Whooping Cough Vaccine Not as
Effective as Thought and Spreads Through Those Vaccinated
January 26, 2016
Story at-a-glance
−
-
Twenty-six students at a Florida preschool contracted
whooping cough even though the majority of the students
were fully vaccinated against it, according to the CDC’s
recommended schedule
-
In one particular classroom in which all students had
received the pertussis vaccine, 50 percent still
developed whopping cough
-
Health officials in the area expressed concern that the
vaccine is not protecting children as it should be and
suggested its protection lasts only two to three years
By Dr. Mercola
When making the choice to receive a vaccination, for yourself or
your child, you probably do so under the assumption that the vaccine
is going to protect you from that particular disease.
Most do not even question this assumption, because they think,
well, why would the medical establishment give out, and U.S. health
officials promote, vaccines that don't work?
This is, however, a question deserving of an answer, especially
in light of increasing evidence that some vaccines do not work as
intended or advertised.
This is particularly the case with the whooping cough (pertussis)
vaccine, which is typically given to children as part of the DTaP
(diphtheria, tetanus, and acellular pertussis) shot.
Up to Half of Vaccinated Preschoolers Were Infected With Whooping
Cough
The U.S. Centers for Disease Control and Prevention (CDC)
recently featured an article in Emerging Infectious Diseases that
highlighted the transmission of whooping cough among vaccinated
children.1
The outbreak occurred at a Tallahassee, Florida preschool in
2013. Twenty-six students between the ages of 1 and 5 contracted
whooping cough, as did two staff and 11 family members. The majority
of the students were fully vaccinated against whooping cough
according to the CDC's recommended schedule.

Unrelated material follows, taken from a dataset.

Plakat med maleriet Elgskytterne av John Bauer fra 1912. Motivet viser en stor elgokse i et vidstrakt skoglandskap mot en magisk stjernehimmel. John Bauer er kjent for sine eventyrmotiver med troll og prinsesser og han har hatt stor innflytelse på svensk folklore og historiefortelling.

In one particular classroom in which all students had received
the pertussis vaccine, 50 percent still developed whopping
cough. Cases of whooping cough have been on the rise, increasing
six-fold from 2000 to 2012. Some believe the increase may be due to
vaccine failure.
In fact, the highest rates of infection in the preschool outbreak
occurred in the 3-year-old age group, which supports the notion of
waning immunity.
The DTaP vaccine is typically given at 2, 4, and 6 months of age,
again between 15 and 18 months, and a booster is recommended between
ages 4 and 6.2
The authors noted:3
"This outbreak raises concerns about vaccine
effectiveness in this preschool age group and reinforces the
idea that recent pertussis vaccination should not dissuade
physicians from diagnosing, testing or treating persons with
compatible illness for pertussis.
… Reports of genetic changes in circulating B. pertussis
have raised concern that this organism could be adapting to
vaccine-induced immunity …
Given these reports and the increased levels of
circulation of pertussis among older age groups with documented
waning of immunity, further monitoring of acellular pertussis
vaccine performance in preschool-age children is necessary to
determine if this outbreak was an isolated finding or possibly
identification of an emerging epidemiologic trend."

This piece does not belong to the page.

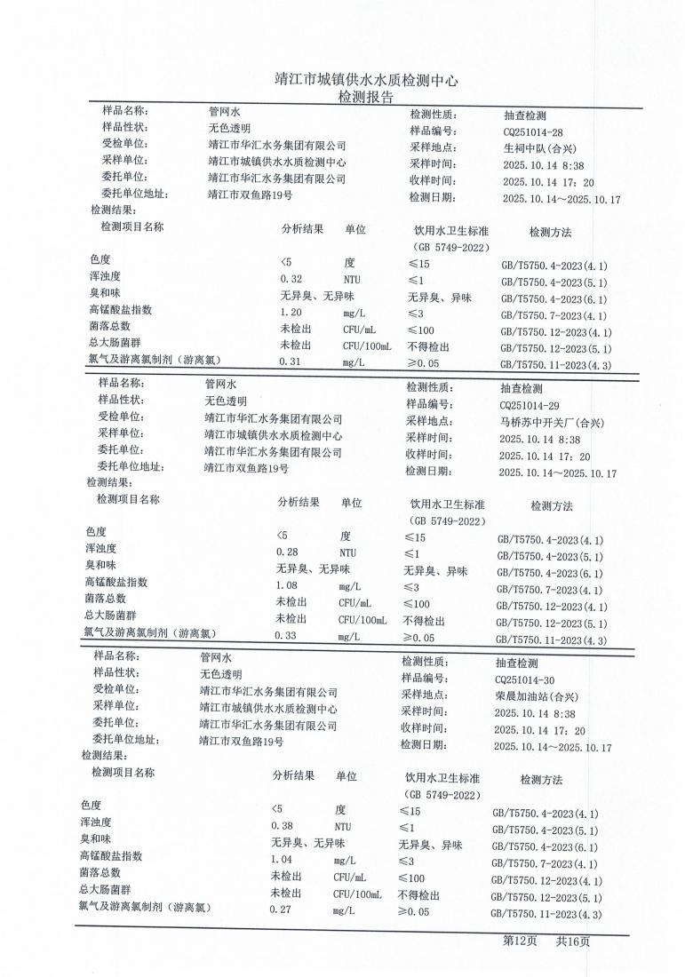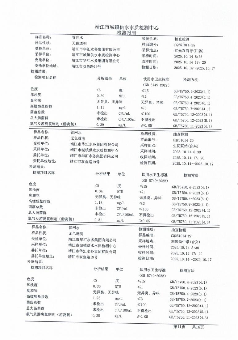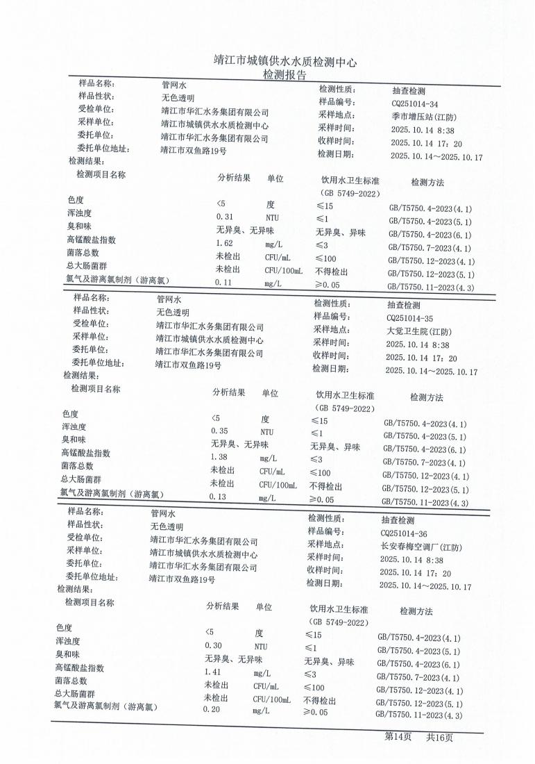 管网水检测报告2025.10.14

California Whooping Cough Outbreak Also Occurred Among a Highly
Vaccinated Community
In 2014, a whooping cough outbreak spread through Elk Grove,
California, a community in which all but 80 of the suburb's 4,500
kindergartners were vaccinated. Even still, the county had rates of
whooping cough that were up to five times higher than surrounding
areas.4
Health officials in the area expressed concern that the vaccine
is not protecting children as it should be and suggested its
protection lasts only two to three years.
Dr. Dean Blumberg, chief of pediatric infectious diseases at UC
Davis Children's Hospital, told the Sacramento Bee, "This newer
version of the vaccine probably has a shorter period of protection.
I think that is a scientifically proven point."5
Even though U.S. children who follow the CDC's recommended
vaccine schedule get five doses of the pertussis vaccine by age 6,
it may only be most effective for the first year. Dr. Blumberg
stated that every year following, "the protection rate drops 10
percent or so."
A New England Journal of Medicine study actually found that after
the fifth dose of DTaP, the odds of acquiring whooping cough
increased by an average of 42 percent per year.6
Even Dr. Mark Sawyer, an infectious disease specialist at the
University of California, San Diego, and a member of the U.S.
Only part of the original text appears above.